There is no arguing that Android has made great strides these past few years, and the flagships toting the system have turned into hardware monsters of desktop-class power. Still, there are a few fronts left, where iOS beats Android, and this is usually the front of highly specialized, niche apps, which need to be developed with specific hardware in mind, in order to ensure flawless performance.

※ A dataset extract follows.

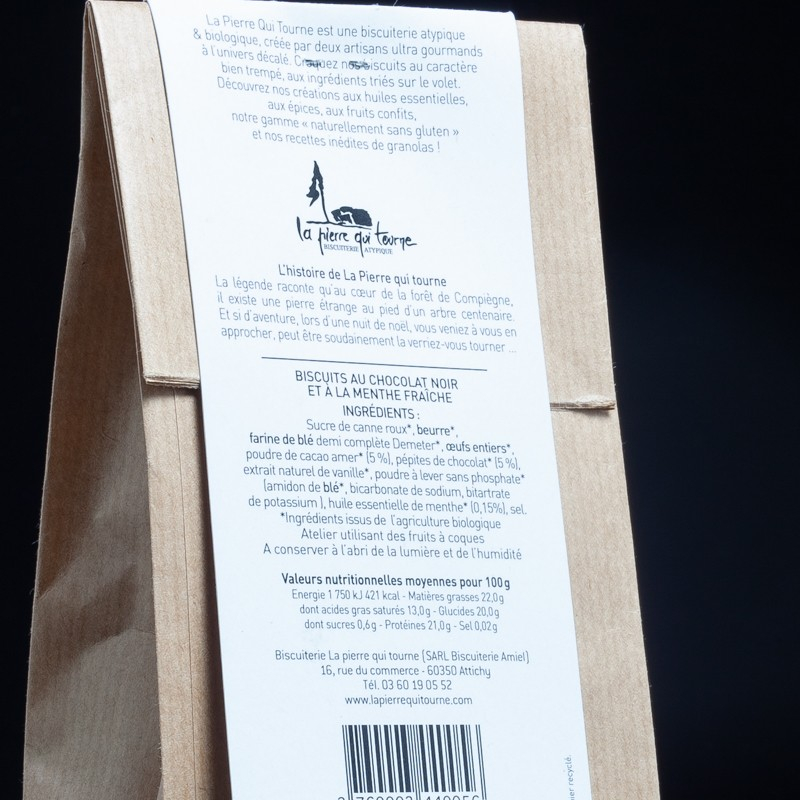 Les biscuits Choco Menthe 140g La Pierre Qui Tourne offrent une expérience gourmande et rafraîchissante, grâce à la parfaite alliance du chocolat noir intense et de la menthe fraîche. Fabriqués de manière artisanale, ces biscuits allient une texture croquante et une saveur équilibrée, où le goût du chocolat se mêle à la fraîcheur vivifiante de la menthe.

One such niche is audio processing and reproduction, more specifically – guitar signal processing – something that has reached quite the heights in development on iOS, has yet to even set foot in Android lands. Sure, there are some DJ apps that are making their way to Android these days, however, the platform is widely unpopular among developers of audio products due to the fact that Android has been infested with a lot of audio latency issues in the past (though, Google says Jelly Bean added ways for developers to fix those) and the fact that the OS spans across so many different hardware configurations that it's virtually impossible to guarantee flawless (or any type of) performance, unless the developer partners up with one specific manufacturer and only builds a program for a specific set of phones.
So, which Android handset manufacturer is better to team up with, if not Samsung? The South Korea-based ODM definitely builds the flagships that can deliver the heavy hardware punch, needed to run such a processing-heavy app, and it has its own Galaxy Store, ensuring the app would be hosted in its own ecosystem. So, IK Multimedia – the company who was first to bring guitar signal processing to iPhone – seems to have closed a deal with Sammy to do exactly that – be the pioneer to bring portable solutions for guitarists to Android.
Samsung has teased this for quite a while, before IK Multimedia finally spilled the beans. The first time we noticed something might be going on was when we watched Sammy's live Unpacked 2.0 event, which had a live band playing, and each instrument was connected to a Galaxy Note 3, instead of an amp, for example. Then, when Samsung announced the Galaxy Gifts, which each new Note 4 owner would receive, we noticed an AmpliTube LE app in the list – something that shouldn't be seen on an Android device. So it was only a matter of time.